TITLE: Enterprise web mining system and method 



Abstract Text (1) : 

An enterprise-wide web data mining system, computer program product, and method of 
operation thereof, that uses Internet based data sources, and which operates in an 
automated and cost effective manner. The enterprise web mining system comprises: a 
database coupled to a plurality of data sources, the database operable to store 
data collected from the data sources; a data mining engine coupled to the web 
server and the database, the data mining engine operable to generate a plurality of 
data mining models using the collected data; a server coupled to a network, the 
server operable to: receive a request for a prediction or recommendation over the 
network, generate a prediction or recommendation using the data mining models, and 
transmit the generated prediction or recommendation. 

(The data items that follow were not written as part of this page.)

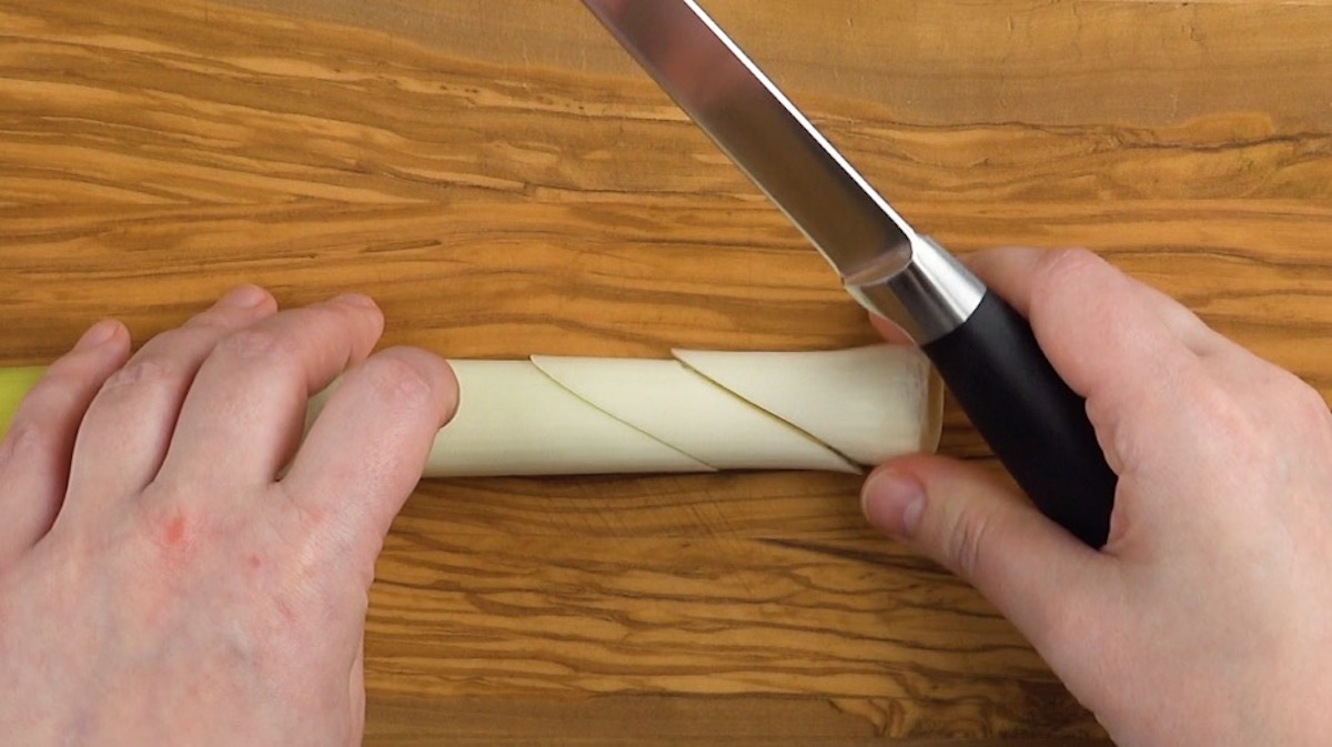So geht es: 7.1) Schneide den Lauch schräg in Rauten.
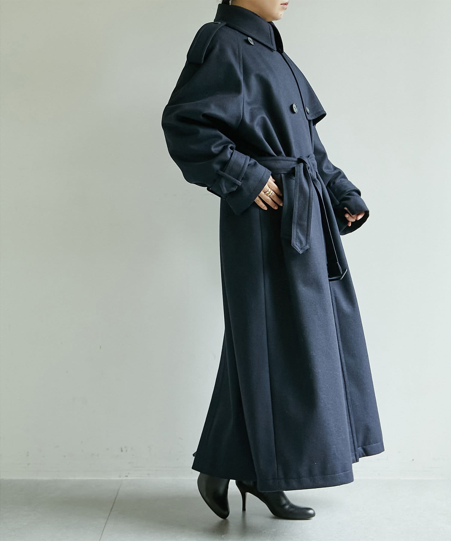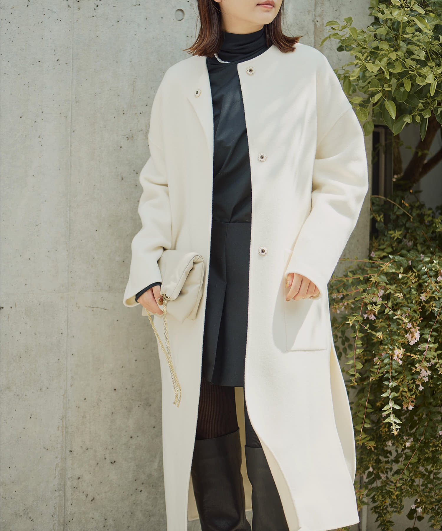 冬のスタイルの印象を決定づけるコート。
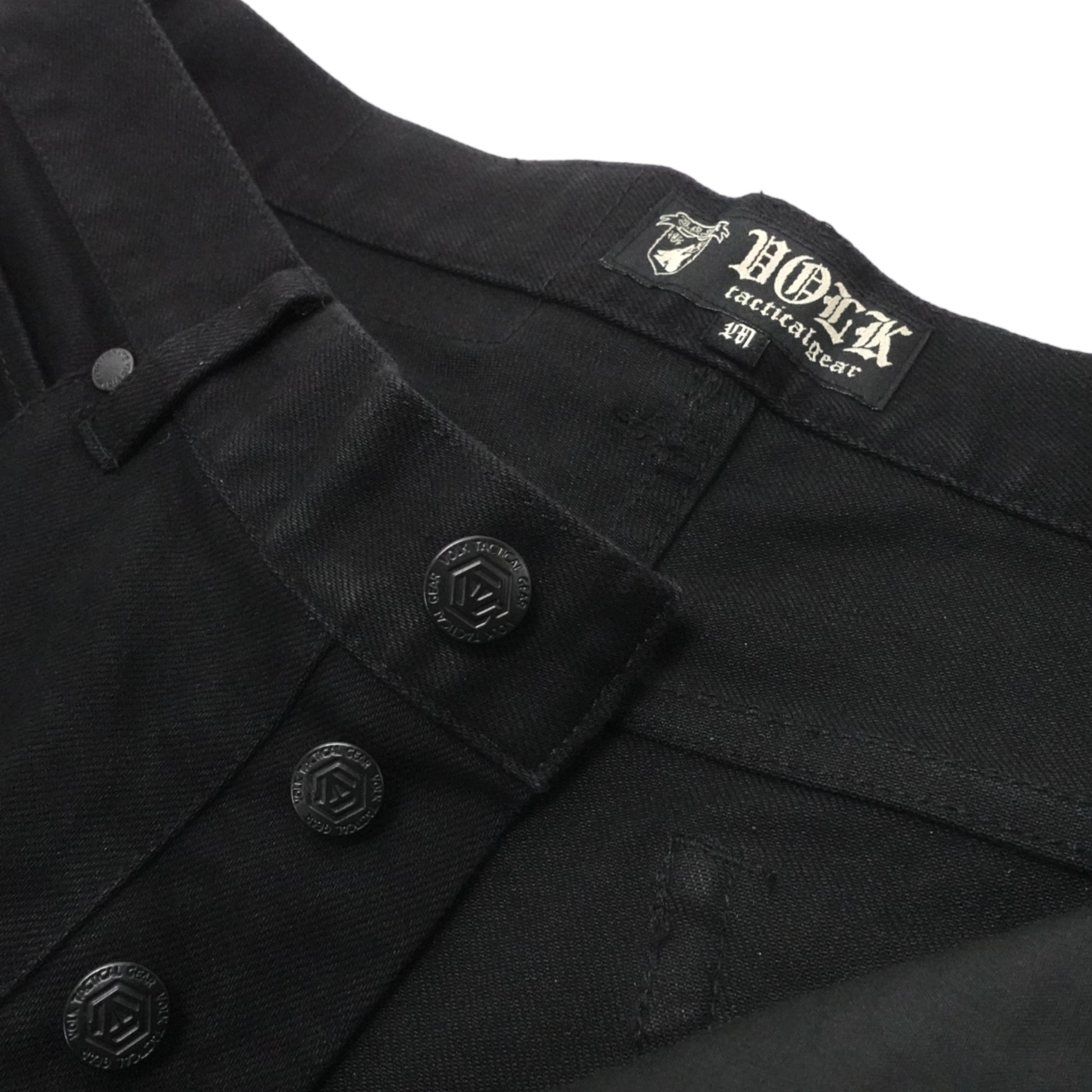 トップボタンを含むフロントフライ全てのボタンはHEXlogoをVOLK TACTICAL GEARの文字で囲んだデザイン。

Detailed Description Text (51) : 

Data preprocessing engine 903 provides the extraction and transformation 
components, which extract data from web logs and other corporate information 
sources and transform it into a form suitable for data mining model construction. 
There are several main sub-components of data preprocessing engine 903. The mapping 
and selection component reads corporate database tables, such as those from 
corporate data sources 914, and maps specific fields into the account-based mining 
tables The web data transformation component reads raw log files, and optionally 
transaction summaries, from external data sources 916, and converts them into the 
transaction-based mining schema (TBMS) used by present invention. The web data 
transformation component also performs semantic analysis and keyword extraction on 
the original and converted web data to produce conceptual tables, concept-based 
mining schema (CBMS) . 

Current US Original Classification (1) : 
707/6 

CLAIMS : 

1. A computer-implemented method of enterprise web mining comprising the steps of: 
collecting data from a plurality of data sources, including proprietary corporate 
data comprising proprietary account or user-based data, external data comprising 
data acquired from sources external to the system, Web data comprising Web traffic 
data, web server application program interface data and Web server log data, and 
Web transaction data comprising data relating to transactions completed over the 
Web; selecting data that is relevant to a desired output from among the collected 
data by mapping between general attributes and particular features, the selected 
data having reduced dimensionality relative to the collected data; pre-processing 
the selected data by removing redundant or irrelevant information from Web server 
log data, by identifying a visitor to a web site from the Web traffic data, 
reconstructing a session from the Web traffic data, by reconstructing a path 
followed by a visitor in a session from the Web server log data, by analyzing a 
path a whole Website from the Web server log data, by converting to filenames from 
the Web server log data to page titles, and by converting IP addresses from the Web 
traffic data to domain names-; building a plurality of database tables from the pre- 
processed selected data, wherein the acquired data comprises a plurality of 
different types of data; integrating the collected data by forming an integrated 
database comprising collected data in a coherent format using generated taxonomies 
to group attributes of the data and using generated profiles of the data; 
generating a plurality of da^ta mining models using the collected data; and 
generating a prediction or recommendation using at least one of the plurality of 
generated data mining models, in response to a received request for a 
recommendation or prediction.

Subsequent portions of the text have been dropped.